Pissarev, citado por Lenin afirmou que “...Meu sonho pode ultrapassar o curso
natural dos acontecimentos, ou desviar-se para uma direção onde o curso
natural dos acontecimentos jamais poderá conduzir. No primeiro caso, o
sonho não produz nenhum mal; pode até sustentar e reforçar a energia do
trabalhador... Em tais sonhos, nada pode corromper ou paralisar a força de
trabalho. Ao contrário. Se o homem fosse completamente desprovido da
faculdade de sonhar assim, se não pudesse de vez em quando adiantar o
presente e contemplar a imaginação o quadro lógico e inteiramente acabado
da obra que apenas esboça em suas mãos, eu não poderia decididamente
compreender o que levaria o homem a empreender e realizar vastos e
fatigantes trabalhos na arte, na ciência e na vida prática... O desacordo entre
o sonho e a realidade nada tem de nocivo se, cada vez que sonha, o homem
acredita seriamente em seu sonho, se observa atentamente a vida, compara
suas observações com seus castelos no ar e, de uma forma geral, trabalha
conscientemente para a realização de seu sonho. Quando existe contato
entre o sonho e a vida, tudo vai bem”[17].

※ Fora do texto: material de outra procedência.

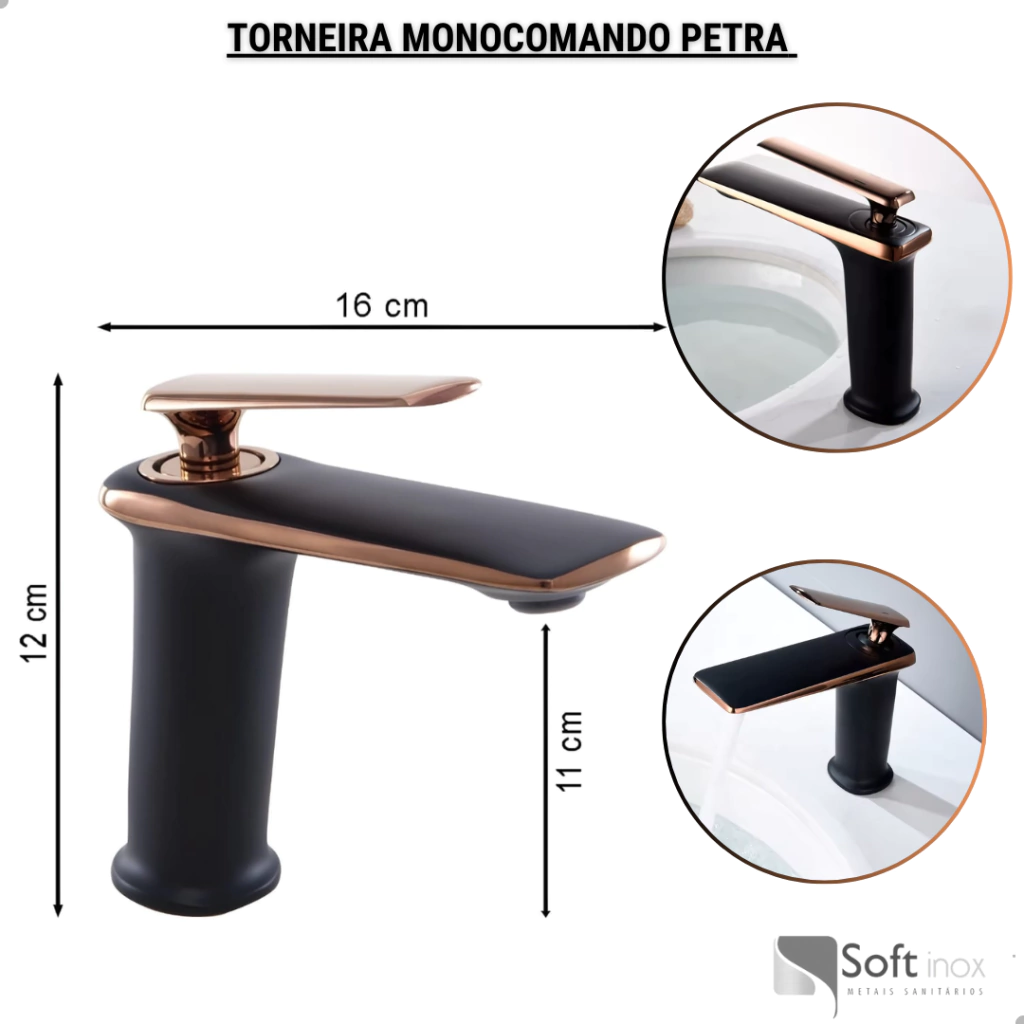 Um destaque de design e praticidade! A torneira combina o acabamento preto com detalhes em rose, perfeita para lavatórios modernos. Acompanha válvula click preta para maior sofisticação.

Nossa tarefa primeira é sonhar, sem medo de levar o sonho presente até o
futuro, e deixá-lo lá descansando, até o dia em que o futuro se tornar
presente, com grande parte do que sonhamos realizado.
[1] Parte do livro de Ademar Bogo: “Um povo feito de terra”, Bahia, 2001.
[2] Adolfo Sánchez Vásquez; Ética. RJ 1996. P. 8
[3] Idem. P.12
[4] Karl Marx. O Capital. Livro I. Vol. I. RJ 1996. P.204
[5] Ma. Lúcia de Arruda Aranha e Ma Helena Pires Martins. Filosofando:
Introdução a filosofia, SP 1996 p. 274
[6] Fragmon Carlos Borges. Origens Históricas da Propriedade da Terra. In
Brasil: A Questão Agrária. SP !980, p. 6
[7] Jung Mo Sung e Josué Cândido da Silva. Conversando Sobre Ética e
Sociedade 1995 p. 42
[8] Revolução Verde. É chamada assim as mudanças tecnológicas
introjetadas na agricultura brasileira com orientação norte-americana na
década principalmente a partir da década de 70 aqui no Brasil, onde se
incentivou o uso de máquinas, venenos e adubos químicos para aumentar a
produtividade na agricultura.
[9] Frei Sérgio Görgen, ofm. Riscos dos Transgênicos. Petrópolis. 2000 p. 18.
[10] Seixas, Raul/ Coelho Paulo/ Motta Marcelo,. Música Tente Outra Vez.
[11] Domenico de Masi. Entrevista Maria S. Palieri : O Ócio Criativo. Sextante
2a Edição RJ. 2000. P. 36
[12] Jung Mo Sung e Josué C. da Slva. Vozes Petrópolis. 1995 p. 88.
[13] Idem
[14] Ibidem
[15] Emir Sader. O Anjo Torto: Esquerda ( e direita) no Brasil. Editora
Brasiliense. SP. 1995 . p. 13,14
[16] Leonardo Boff. O ecocídio e o Biocídio. In 7 Pecados do Capital.